All three of mine HATED the moses basket, but would sleep either in bed with us or in a crib. I think maybe part of the issue was that the moses basket didn't have an especially firm base unlike the bed or crib, so they never felt very supported.

Personally I think in these early days, go with what works - for us that meant having the babies in bed with us (we had one of those little cushions that protected the baby from us rolling onto him). Far too early to worry about baby getting into "bad habits", you need your sleep too.

ellybett · 08/01/2010 22:26

I think the main theme here is just go with it! There are so many books and powers that be (midwives/hv's) that can make you feel that there is a right way and a wrong way and that simply isn't in the case. On top of the shock of being a new mum you really don't need the guilt! My 4 month old was the same for the first 6 weeks or so and would only sleep on me following a bf. This made me feel like I was a human comforter as well as feeling like I must be doing something wrong. The moment I decided to just go with what my dd wanted to do and let the guilt lift I felt so much better and not long after that my dd was quite happy to go down in her basket. I think the shock of the birth should be allowed to pass before any routine is attempted, we're only trying it now.

One blessed piece of advice a hv gave me was the 10 minute rule. After she's been asleep for 10 minutes then they're out for the count and in theory you can hoover and they won't wake. Not a fail safe rule but happens more often than not! Good luck.

sweetkitty · 09/01/2010 08:33

With my first DD she was the exact same, refused to sleep in the beautiful antique crib we bought with coordinating bedding (PFB ) always wanted to sleep on or next to me. I read loads of books thought I was doing something wrong, tried to GF her (no chance), baby whisperer, rolling up blankets, my jumper in with her, nothing worked she just needed to be close to me. I gave up and just allowed her to sleep where she wanted (as it got me the most sleep). At 12 weeks she was sleeping through 8-8am, I had all manner of people telling me "she would still be in our bed at 5 years old" "creating a rod for my own back" etc she co slept until she was 15 months old and went into her own bed and room no problem at all. We must have had some couple time as I got pregnant with DD2 when she was 9 months!
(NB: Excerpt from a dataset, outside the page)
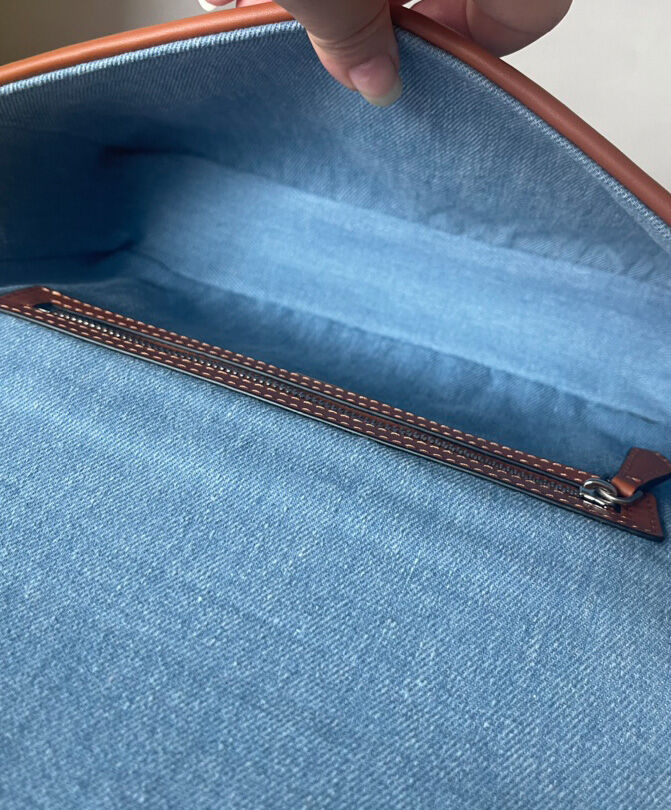 The bag can be carried by hand, or worn either on the shoulder or cross-body thanks to the leather handle and shoulder strap, both detachable.

With the next two I got a bedside cot and just allowed them to sleep wherever they wanted to as well. The main thing for me is us all getting as much sleep as possible no matter the sleeping arrangements.

Try not to stress about it and just enjoy her for these first few weeks

whisker · 09/01/2010 16:15

Thank you all so much for your great suggestions & advice!
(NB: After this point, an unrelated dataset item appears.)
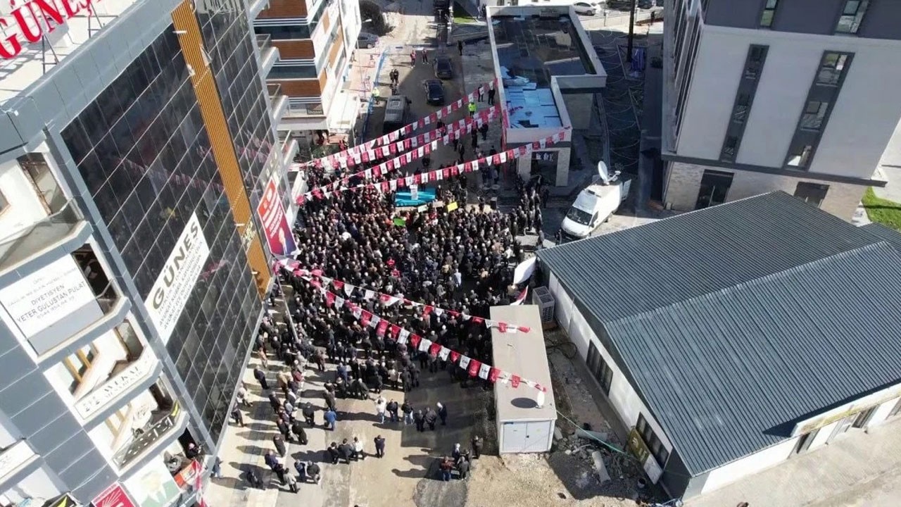 CHP Adıyaman İl Başkanlığı önünde halka hitap eden CHP Genel Başkanı Özgür Özel'in programına sadece binadaki personel katıldı.

I feel so much better about it now. Yes, she is my first born & I realise all babies are different, so I'm just going to chill out about the whole thing, continue co-sleeping & sling-wearing and see how she develops over the next few weeks and months. I was feeling really uneasy about the controlled crying idea, so I'm glad the overall response is that she's too young for that & I'm not setting up bad habits for life. I was worried!

She was in intensive care her first 4 days & both of us were ill in labour & treated in hospital for 8 days - so I reckon she just needs the extra reassurance & is making up for cuddles lost! Who can blame her?
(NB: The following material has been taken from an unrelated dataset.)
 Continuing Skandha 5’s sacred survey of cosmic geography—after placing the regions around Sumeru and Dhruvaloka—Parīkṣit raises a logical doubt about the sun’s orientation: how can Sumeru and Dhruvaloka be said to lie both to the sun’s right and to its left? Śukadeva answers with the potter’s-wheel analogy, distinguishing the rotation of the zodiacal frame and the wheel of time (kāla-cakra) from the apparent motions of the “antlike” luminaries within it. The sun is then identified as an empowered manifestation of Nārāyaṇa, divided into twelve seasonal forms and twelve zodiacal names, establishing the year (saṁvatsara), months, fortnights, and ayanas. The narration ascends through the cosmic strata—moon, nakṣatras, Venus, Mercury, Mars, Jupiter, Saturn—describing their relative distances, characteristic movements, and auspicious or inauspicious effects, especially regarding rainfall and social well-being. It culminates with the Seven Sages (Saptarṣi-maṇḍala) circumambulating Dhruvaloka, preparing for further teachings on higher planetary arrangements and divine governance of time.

I'll keep trying moses basket as first option during the day for naps. I've been swaddling, propping up & leaving Classic FM on low which all help, but will also try the comfort toy idea & read the 'Science of Parenting' & 'No-Cry Sleep Solution' books. I'm going to try Craniosacral Therapy too, which a friend has recommended in case there's an element of birth trauma needing to be released.

It's been really comforting & useful to hear other people's experiences. Thanks so much for taking the time to respond! Really appreciate it. What a great facility this is!!